White Supremacy has Folks Shook

The disturbing video shows a white man flaunting his whiteness and several male employees yielding to it. One employee watched as James defended herself and only intervened once it was clear she had the advantage over her assailant. Even worse, his intent seems to be  stopping James rather than the white man.  As Taylor continued to rant and call James “bitch,” not one male employee responded; each stood around Taylor attempting to “tame” her. Clearly, chivalry is dead, but white intimidation is not.

Public De-Sensitivity to Violence

Americans were caught off guard when Mamie Till had an open casket funeral, revealing her son Emmett Till’s mutilated face. He was brutally beaten and killed by two white men — allegedly for flirting with a white woman. American were outraged when a video of Rodney King being brutalized by police surfaced. 

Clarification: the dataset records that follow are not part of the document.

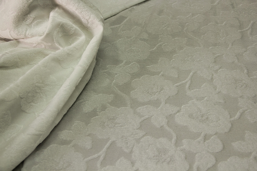 MORBIDO E LEGGERO JERSEY CON LAVORAZIONE IN VELLUTO DEVORE’ IN RILIEVO TINTA SU TINTA. INDICATO PER : ABITI, CASACCHE, GONNE, ECC..
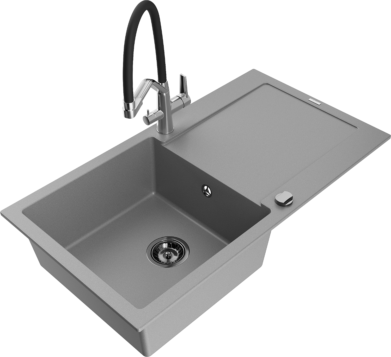Mexen Leo zlewozmywak granitowy 1-komorowy z ociekaczem i baterią kuchenną Duo, szary - 6501-71-671701-07-B
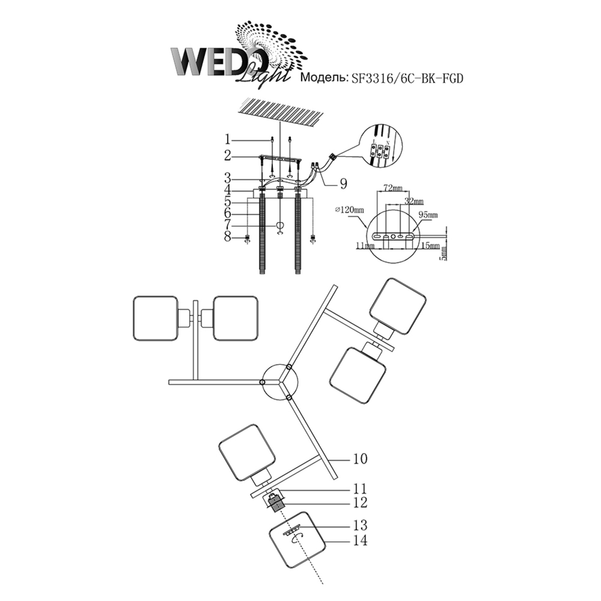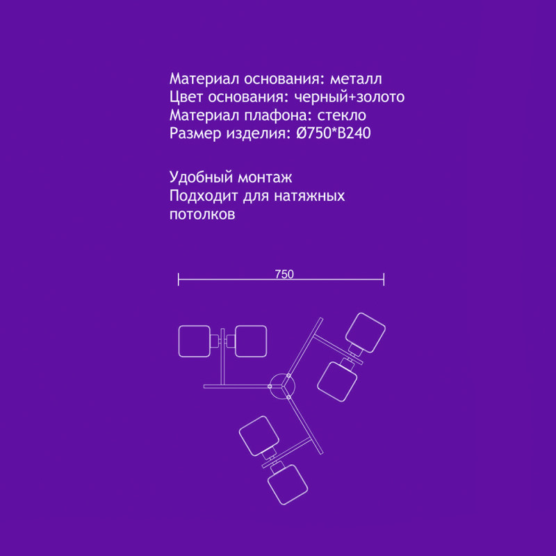 Люстра потолочная Класо 6 ламп, 18 м², цвет чёрный/золото
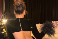 Kako se vidi, reč je o kreaciji koja prati liniju tela i naglašava sve njene obline. Ne bi trebalo izostaviti ni otvorena leđa koja su bila upečatljivi deo kreacije, ali ni perjane rukave koji su celokupnom stajlingu dali jednu seksi notu.
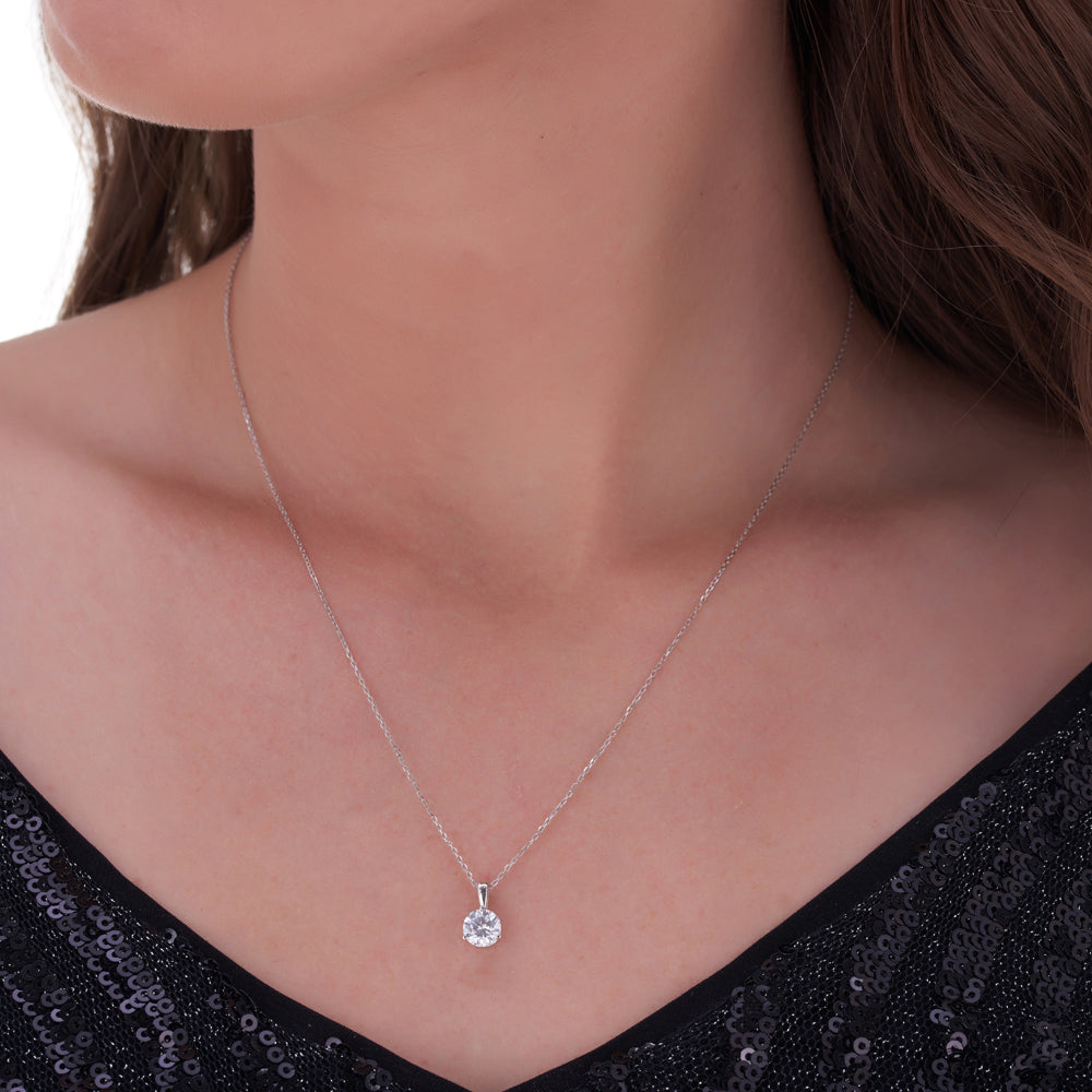 5/8 round-cut lab-grown diamond, set in 14K gold or platinum, with an 18-inch spring ring chain.
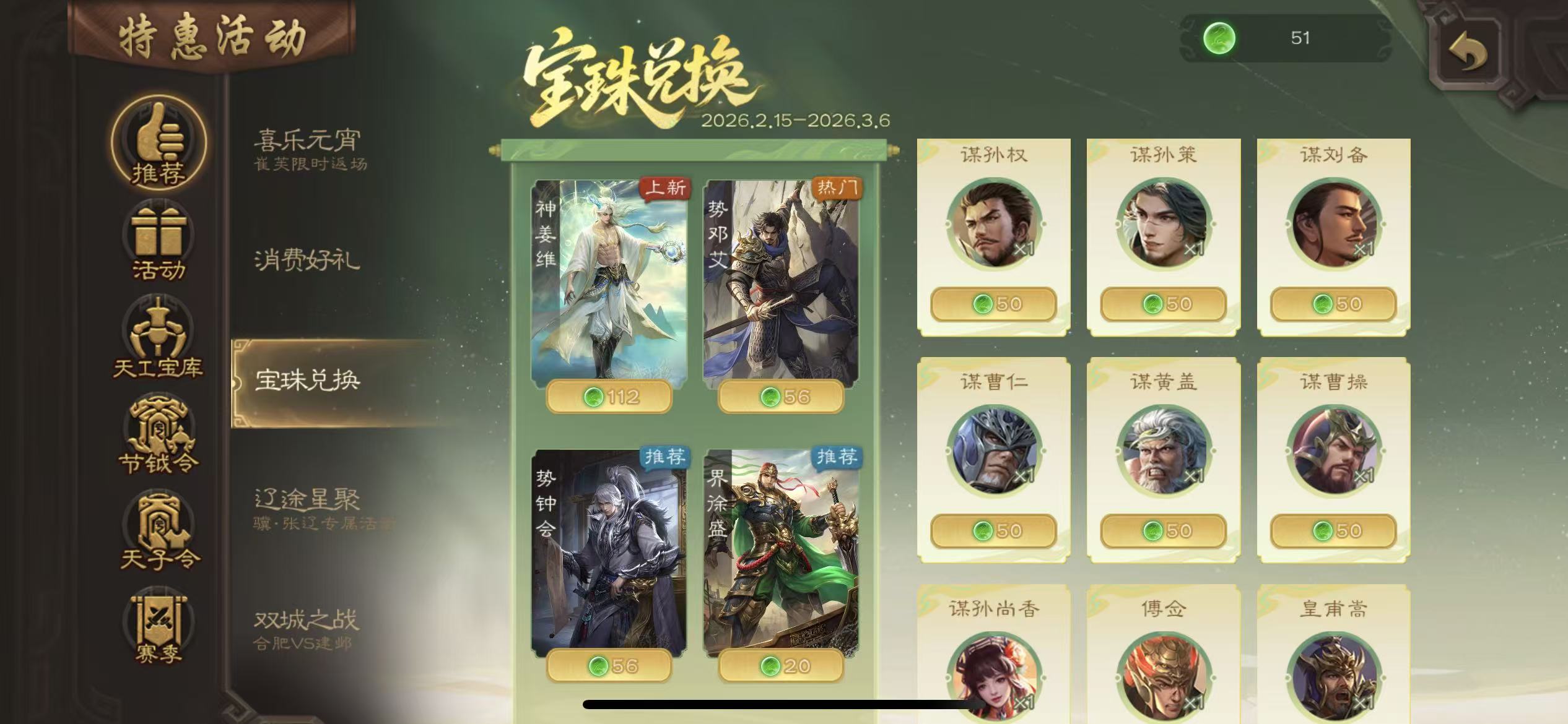 千夫长势钟会大宝神赵云4800将魂4万羽毛131招募令三卡
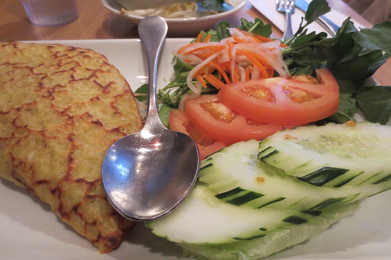 This sort of pancake can’t be baked with Bisquick. It’s a Vietnamese pancake (Bánh Xèo’) and I had it at Phở Basil in Boston recently.

Thanks to social media, shock over violent acts has waned. The public has limitless access to violence and trauma porn — so much so it is no longer triggering to witness violence in real time. Currently, video of James’ attack has 63,000 comments, was shared 75,000 times. His video was not the only one captured. Which says people were more concerned with using their phones to record the violent attack opposed to dialing 911.

Food Workers are At-Risk

James’ assault shows that food service workers risk physical violence but data also shows that segment of the workforce is especially at-risk. The Equal Employment Opportunity Commission revealed food service workers are more subject to workplace sexual harassment than employees at higher paying fields. Food service workers along with other service employees, made up nearly 50% of the sexual harassment complaints filed, reported Chron. Out 85,000 complaints made between 2005 and 2015, over 14% came from “accommodations and food service industry.” To add insult to injury food service workers rank among low-wage earners.


The ideas and opinions expressed in this article are solely those of the author’s and not necessarily the opinion of Black Enterprise.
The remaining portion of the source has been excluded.